Le Congo est également très riche en biodiversité. Les vastes étendues de forêt tropicale humide du pays font partie du bassin du Congo – le deuxième plus grand réseau de forêt tropicale au monde après l’Amazonie. Le parc national Nouabale-Ndoki, au nord, est un site du patrimoine mondial de l’UNESCO et abrite des éléphants, des gorilles de plaine en voie de disparition et des chimpanzés.
Pourtant, ce pays de 6 millions d’habitants est en proie à des difficultés économiques.
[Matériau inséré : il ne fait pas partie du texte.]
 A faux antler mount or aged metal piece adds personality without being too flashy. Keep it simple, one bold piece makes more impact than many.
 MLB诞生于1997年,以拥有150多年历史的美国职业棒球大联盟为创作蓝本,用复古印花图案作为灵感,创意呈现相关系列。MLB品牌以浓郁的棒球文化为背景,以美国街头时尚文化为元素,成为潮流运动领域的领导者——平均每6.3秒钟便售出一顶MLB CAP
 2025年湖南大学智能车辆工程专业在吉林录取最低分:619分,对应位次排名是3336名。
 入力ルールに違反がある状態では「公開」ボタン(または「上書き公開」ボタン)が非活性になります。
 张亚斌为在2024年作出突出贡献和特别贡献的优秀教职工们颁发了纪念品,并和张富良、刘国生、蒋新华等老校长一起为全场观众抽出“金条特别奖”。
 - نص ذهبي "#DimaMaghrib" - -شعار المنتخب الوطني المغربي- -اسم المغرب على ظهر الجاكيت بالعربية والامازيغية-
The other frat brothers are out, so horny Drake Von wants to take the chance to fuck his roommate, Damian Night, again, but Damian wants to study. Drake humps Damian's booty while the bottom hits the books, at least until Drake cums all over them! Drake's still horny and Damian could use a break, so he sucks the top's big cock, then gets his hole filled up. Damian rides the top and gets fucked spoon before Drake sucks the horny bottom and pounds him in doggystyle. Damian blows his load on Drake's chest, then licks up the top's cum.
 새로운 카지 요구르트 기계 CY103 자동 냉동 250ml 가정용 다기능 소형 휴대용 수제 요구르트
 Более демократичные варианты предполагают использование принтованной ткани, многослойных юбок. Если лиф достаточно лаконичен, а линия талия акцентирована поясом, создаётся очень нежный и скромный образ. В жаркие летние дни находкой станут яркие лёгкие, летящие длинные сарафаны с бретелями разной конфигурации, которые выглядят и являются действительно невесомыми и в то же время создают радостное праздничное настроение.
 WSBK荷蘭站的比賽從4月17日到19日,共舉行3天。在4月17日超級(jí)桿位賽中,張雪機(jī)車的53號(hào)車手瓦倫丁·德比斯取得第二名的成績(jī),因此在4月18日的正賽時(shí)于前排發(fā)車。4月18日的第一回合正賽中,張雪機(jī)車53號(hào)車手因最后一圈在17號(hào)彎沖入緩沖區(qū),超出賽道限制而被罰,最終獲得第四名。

Selon les analystes, la corruption et la mauvaise gestion contribuent à ce que le Congo se classe au 171ème rang sur 193 pays selon l’indice de développement humain des Nations Unies.
Entre-temps, une opposition politique divisée n’a permis qu’au Parti travailliste congolais (PCT) au pouvoir de Nguesso de consolider son pouvoir au fil des années, même si l’arrivée d’un nouveau venu suscite de l’espoir.
Voici ce que nous savons des sondages de dimanche :
Quand ouvrent les bureaux de vote ?
Les bureaux de vote ouvriront le samedi 15 mars entre 6h00 (05h00 GMT) et 18h00 (05h00 GMT). Plus de 2,6 millions de personnes ont le droit de voter ; c’est-à-dire qu’ils ont plus de 18 ans et qu’ils ont été enregistrés.
Le taux de participation électorale en 2021 – lors des dernières élections – était de 67,70 %, selon la Fondation internationale pour les systèmes électoraux (IFES). Les autorités ont annoncé que les frontières seraient fermées pendant le vote.
Les candidats obtenant la majorité absolue remportent généralement les élections ou, dans de rares cas, un second tour est organisé entre les deux candidats les plus en tête du scrutin.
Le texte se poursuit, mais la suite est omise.